Only a slice of the listing below is wanted. Retype the lines from the one containing "Ранее на эти" through the one containing "グレープフルーツとブラッドオ", exactly, both ends included.

BEGIN INPUT MATERIAL

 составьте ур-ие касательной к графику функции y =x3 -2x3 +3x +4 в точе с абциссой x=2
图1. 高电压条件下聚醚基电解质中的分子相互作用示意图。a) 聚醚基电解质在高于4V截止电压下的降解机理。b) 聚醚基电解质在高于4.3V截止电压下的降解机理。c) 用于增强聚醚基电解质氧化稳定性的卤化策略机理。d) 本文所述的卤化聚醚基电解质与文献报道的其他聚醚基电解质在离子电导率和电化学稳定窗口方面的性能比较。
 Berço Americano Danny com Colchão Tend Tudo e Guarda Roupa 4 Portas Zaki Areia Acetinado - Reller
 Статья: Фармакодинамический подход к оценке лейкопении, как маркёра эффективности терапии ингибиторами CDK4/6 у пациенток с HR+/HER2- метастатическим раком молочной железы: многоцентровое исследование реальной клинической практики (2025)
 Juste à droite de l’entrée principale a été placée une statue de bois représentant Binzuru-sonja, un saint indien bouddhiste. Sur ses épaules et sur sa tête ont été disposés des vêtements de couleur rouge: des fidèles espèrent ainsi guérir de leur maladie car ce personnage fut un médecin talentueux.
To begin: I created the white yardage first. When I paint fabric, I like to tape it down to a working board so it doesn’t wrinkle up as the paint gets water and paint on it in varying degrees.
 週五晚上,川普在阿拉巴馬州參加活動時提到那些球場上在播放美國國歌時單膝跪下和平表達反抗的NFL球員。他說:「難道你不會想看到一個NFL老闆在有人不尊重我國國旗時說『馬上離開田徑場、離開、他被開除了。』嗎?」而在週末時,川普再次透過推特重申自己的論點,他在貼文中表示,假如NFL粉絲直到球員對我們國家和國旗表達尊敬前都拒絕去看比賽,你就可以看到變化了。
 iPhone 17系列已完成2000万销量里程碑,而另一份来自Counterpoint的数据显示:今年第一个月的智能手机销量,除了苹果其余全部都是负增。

END INPUT MATERIAL
BEGIN INPUT MATERIAL

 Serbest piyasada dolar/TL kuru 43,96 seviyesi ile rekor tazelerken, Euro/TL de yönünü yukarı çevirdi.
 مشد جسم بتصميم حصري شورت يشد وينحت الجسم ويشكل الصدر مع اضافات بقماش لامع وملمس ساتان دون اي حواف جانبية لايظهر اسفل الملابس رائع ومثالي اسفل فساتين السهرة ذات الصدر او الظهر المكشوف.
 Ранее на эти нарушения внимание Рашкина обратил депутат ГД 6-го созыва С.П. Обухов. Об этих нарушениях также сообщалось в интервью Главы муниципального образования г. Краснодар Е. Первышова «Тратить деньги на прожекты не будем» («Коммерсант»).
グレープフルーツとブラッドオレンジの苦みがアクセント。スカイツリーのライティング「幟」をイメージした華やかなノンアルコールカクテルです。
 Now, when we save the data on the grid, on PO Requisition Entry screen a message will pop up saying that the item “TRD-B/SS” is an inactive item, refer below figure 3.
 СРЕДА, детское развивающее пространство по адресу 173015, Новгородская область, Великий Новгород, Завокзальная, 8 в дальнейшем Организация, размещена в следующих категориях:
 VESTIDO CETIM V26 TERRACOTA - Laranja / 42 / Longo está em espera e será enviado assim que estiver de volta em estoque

END INPUT MATERIAL

__WRITTEN SOLUTION__
 Ранее на эти нарушения внимание Рашкина обратил депутат ГД 6-го созыва С.П. Обухов. Об этих нарушениях также сообщалось в интервью Главы муниципального образования г. Краснодар Е. Первышова «Тратить деньги на прожекты не будем» («Коммерсант»).
グレープフルーツとブラッドオレンジの苦みがアクセント。スカイツリーのライティング「幟」をイメージした華やかなノンアルコールカクテルです。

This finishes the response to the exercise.